● PROVIDED DATA
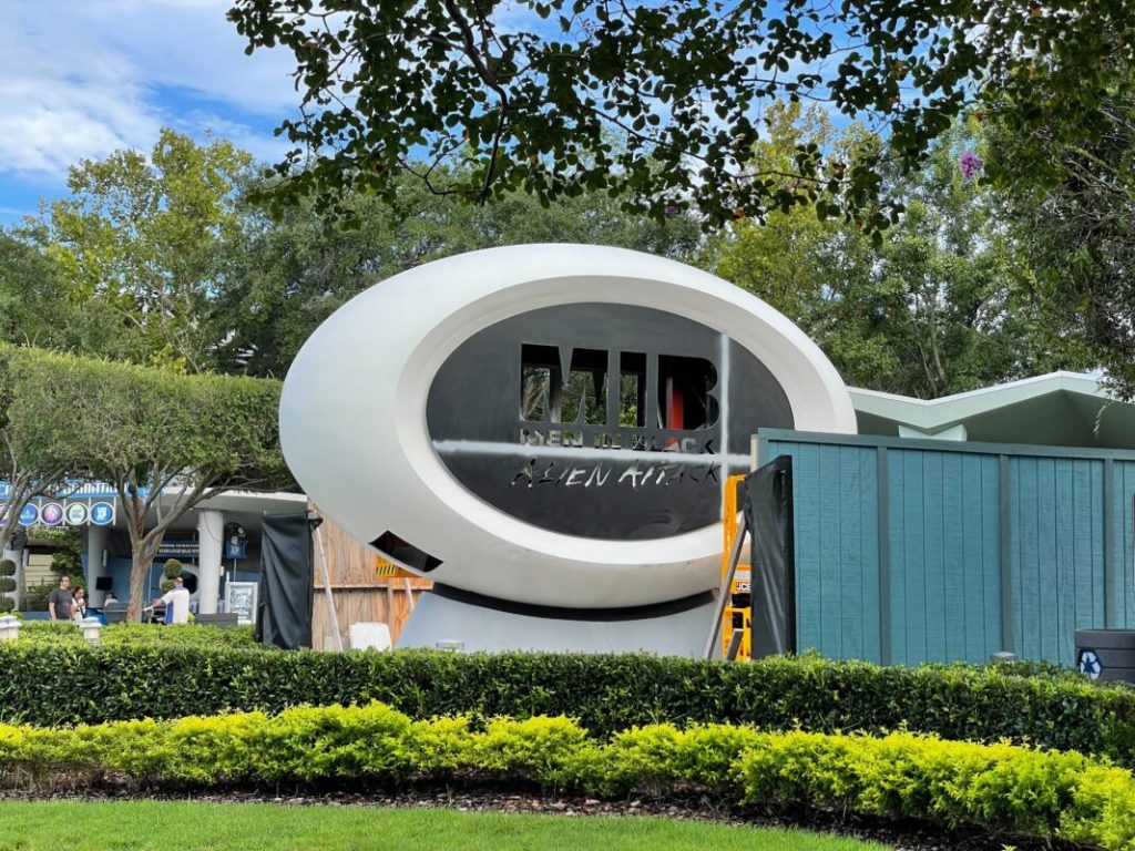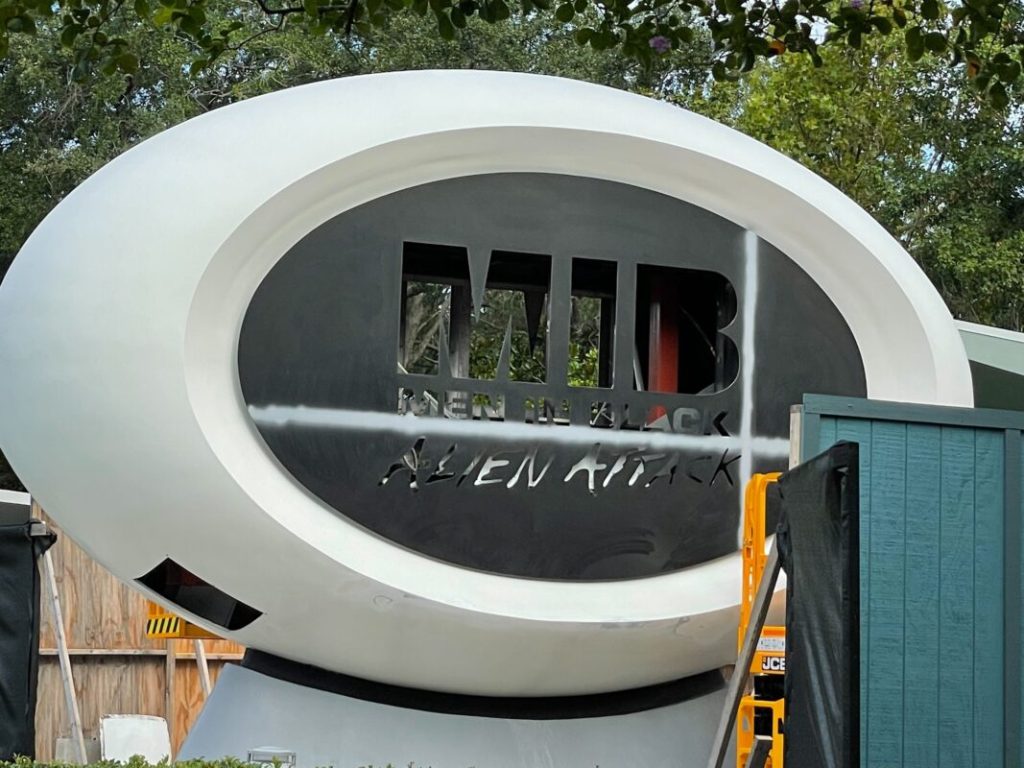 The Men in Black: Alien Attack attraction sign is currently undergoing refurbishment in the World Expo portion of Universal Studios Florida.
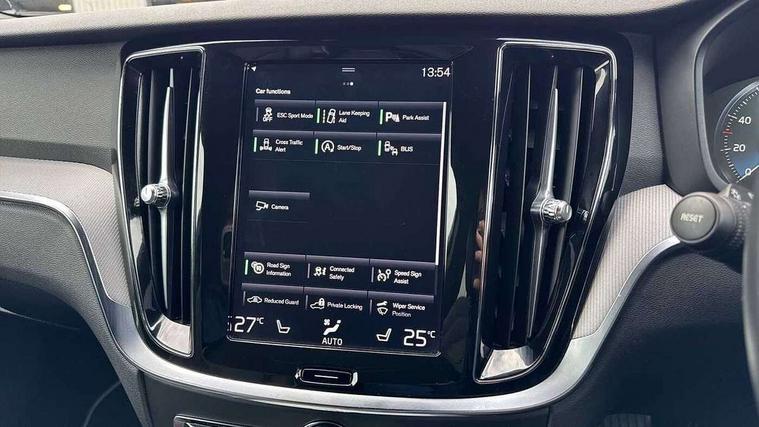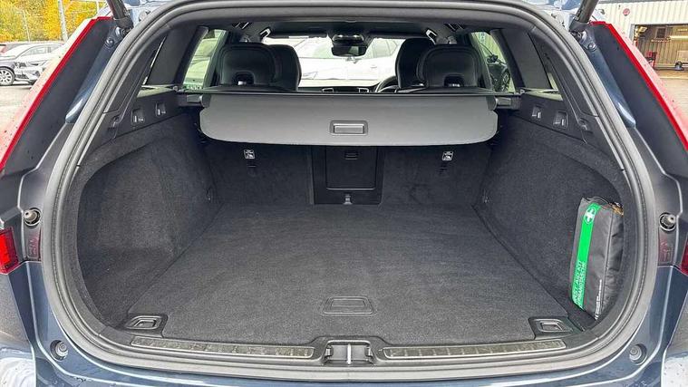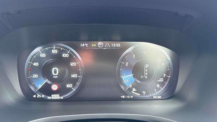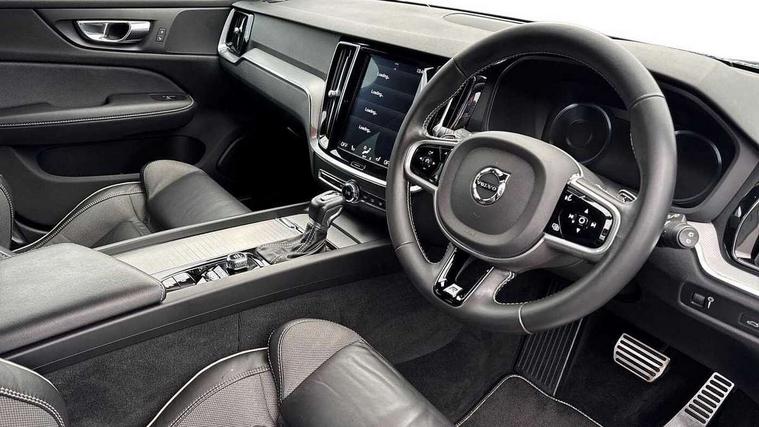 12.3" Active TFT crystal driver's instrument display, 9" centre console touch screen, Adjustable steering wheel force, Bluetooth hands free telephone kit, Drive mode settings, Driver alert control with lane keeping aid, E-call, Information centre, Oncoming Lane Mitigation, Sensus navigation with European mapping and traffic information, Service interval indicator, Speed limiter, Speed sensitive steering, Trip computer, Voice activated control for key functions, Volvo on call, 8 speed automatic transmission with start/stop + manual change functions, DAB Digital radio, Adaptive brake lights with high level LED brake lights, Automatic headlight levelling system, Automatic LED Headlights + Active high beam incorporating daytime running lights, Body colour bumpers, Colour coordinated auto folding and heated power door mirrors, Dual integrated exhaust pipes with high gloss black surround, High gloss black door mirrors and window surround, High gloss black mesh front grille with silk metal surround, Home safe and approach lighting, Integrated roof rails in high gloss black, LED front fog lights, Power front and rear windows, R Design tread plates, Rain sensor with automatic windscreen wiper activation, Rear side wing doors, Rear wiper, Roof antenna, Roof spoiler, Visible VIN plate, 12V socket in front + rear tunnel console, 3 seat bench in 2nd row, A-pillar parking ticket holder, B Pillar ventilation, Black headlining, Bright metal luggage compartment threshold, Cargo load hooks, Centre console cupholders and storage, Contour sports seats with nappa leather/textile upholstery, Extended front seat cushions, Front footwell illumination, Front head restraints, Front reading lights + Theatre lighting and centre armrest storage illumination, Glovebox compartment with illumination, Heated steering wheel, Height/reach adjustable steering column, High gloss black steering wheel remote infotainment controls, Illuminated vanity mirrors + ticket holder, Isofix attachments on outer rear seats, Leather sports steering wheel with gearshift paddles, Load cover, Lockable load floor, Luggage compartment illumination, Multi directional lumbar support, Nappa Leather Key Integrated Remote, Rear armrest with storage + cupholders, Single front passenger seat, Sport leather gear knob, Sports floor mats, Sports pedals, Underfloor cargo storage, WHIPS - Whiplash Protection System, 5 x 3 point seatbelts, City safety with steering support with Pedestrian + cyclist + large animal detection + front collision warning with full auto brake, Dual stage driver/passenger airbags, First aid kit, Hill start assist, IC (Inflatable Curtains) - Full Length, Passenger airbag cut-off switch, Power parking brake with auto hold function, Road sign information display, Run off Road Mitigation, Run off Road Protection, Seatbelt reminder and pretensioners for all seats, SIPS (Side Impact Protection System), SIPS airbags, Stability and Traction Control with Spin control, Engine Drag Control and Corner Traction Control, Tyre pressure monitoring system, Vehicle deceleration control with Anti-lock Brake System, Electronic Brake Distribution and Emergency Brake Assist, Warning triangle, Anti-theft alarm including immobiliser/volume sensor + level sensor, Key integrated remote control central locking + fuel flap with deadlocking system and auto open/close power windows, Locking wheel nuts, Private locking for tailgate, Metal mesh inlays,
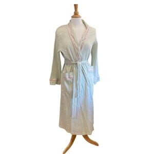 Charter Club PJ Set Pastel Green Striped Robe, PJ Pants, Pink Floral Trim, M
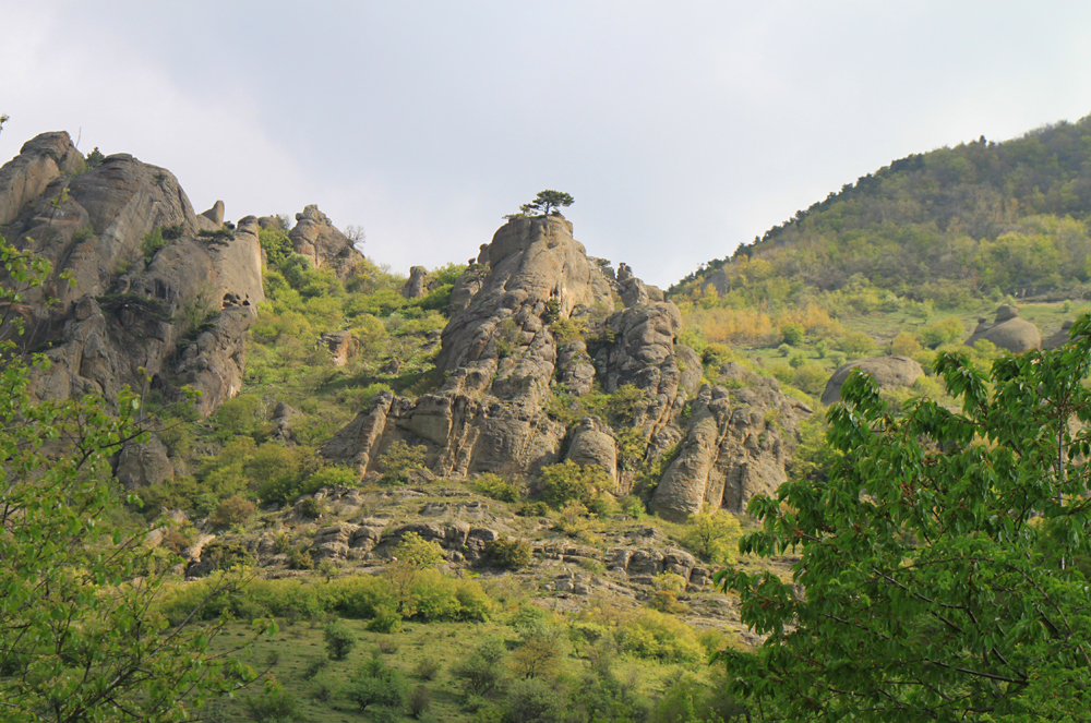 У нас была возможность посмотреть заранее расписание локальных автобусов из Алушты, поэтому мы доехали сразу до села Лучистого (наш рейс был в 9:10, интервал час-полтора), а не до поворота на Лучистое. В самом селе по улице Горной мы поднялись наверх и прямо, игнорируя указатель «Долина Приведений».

==

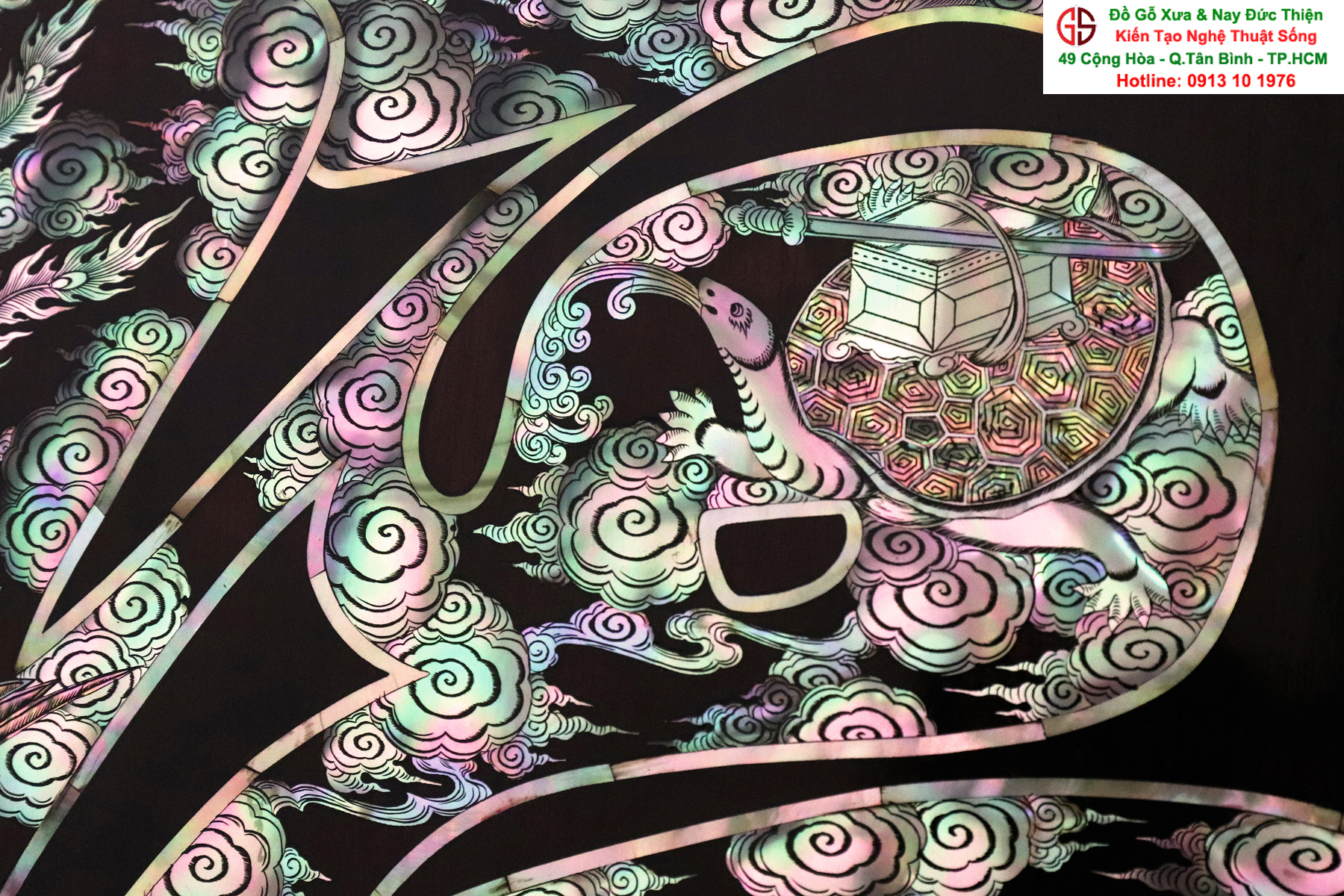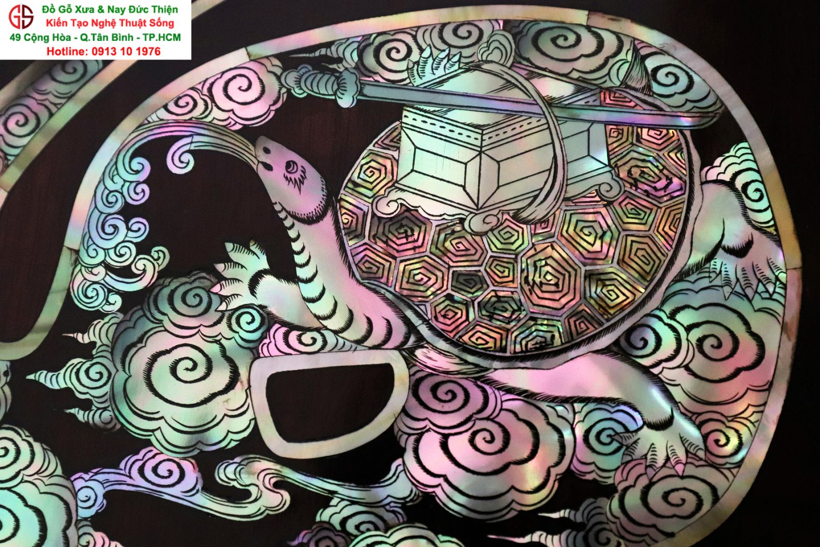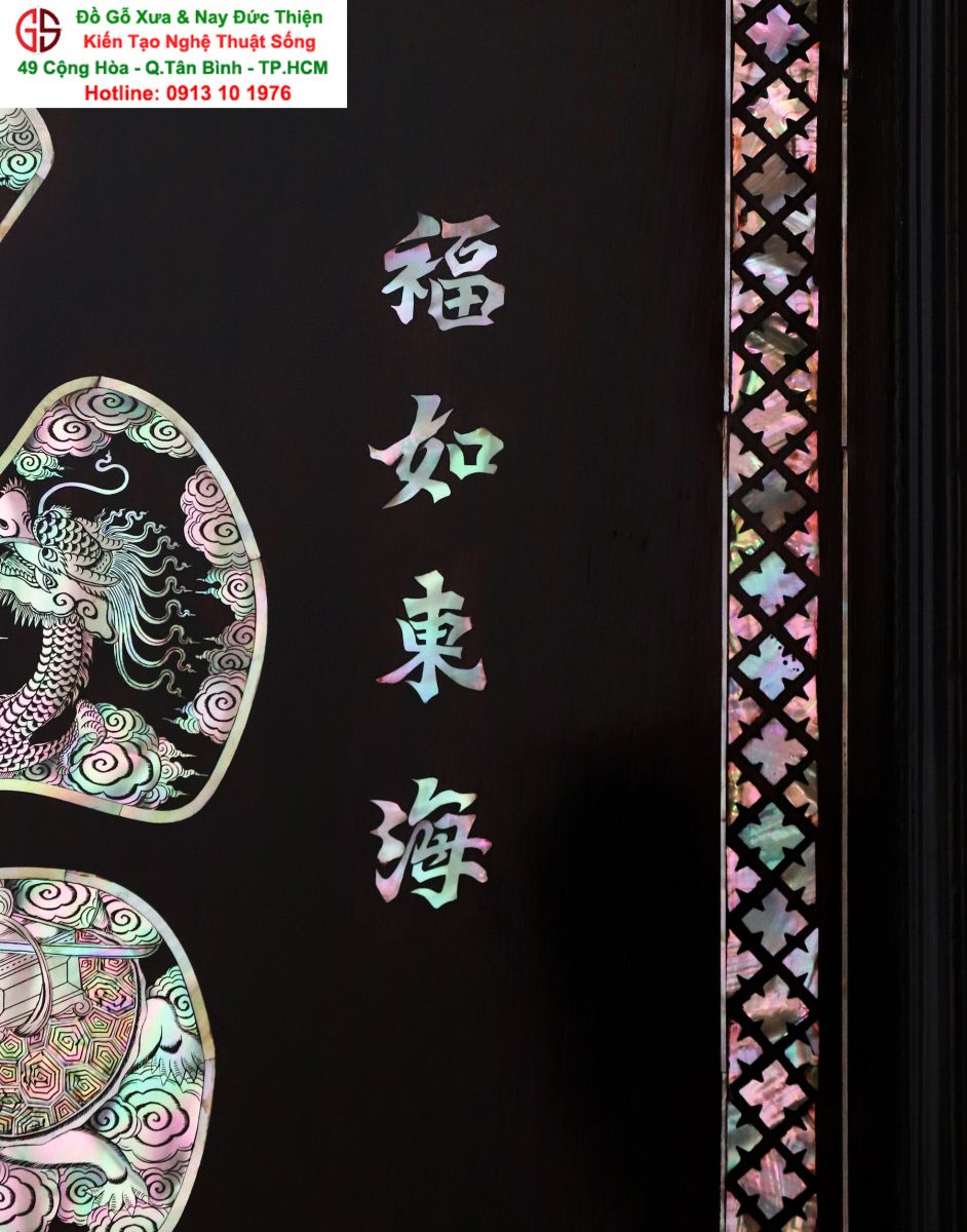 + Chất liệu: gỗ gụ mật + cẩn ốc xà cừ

● DIRECTIONS FOR THIS TASK
From the records above, transcribe only the stretch from the line with "Charter Club PJ" through the line with "У нас была возможность", keeping both ends. Omit pictures.

● EXERCISE OUTPUT
 Charter Club PJ Set Pastel Green Striped Robe, PJ Pants, Pink Floral Trim, M
 У нас была возможность посмотреть заранее расписание локальных автобусов из Алушты, поэтому мы доехали сразу до села Лучистого (наш рейс был в 9:10, интервал час-полтора), а не до поворота на Лучистое. В самом селе по улице Горной мы поднялись наверх и прямо, игнорируя указатель «Долина Приведений».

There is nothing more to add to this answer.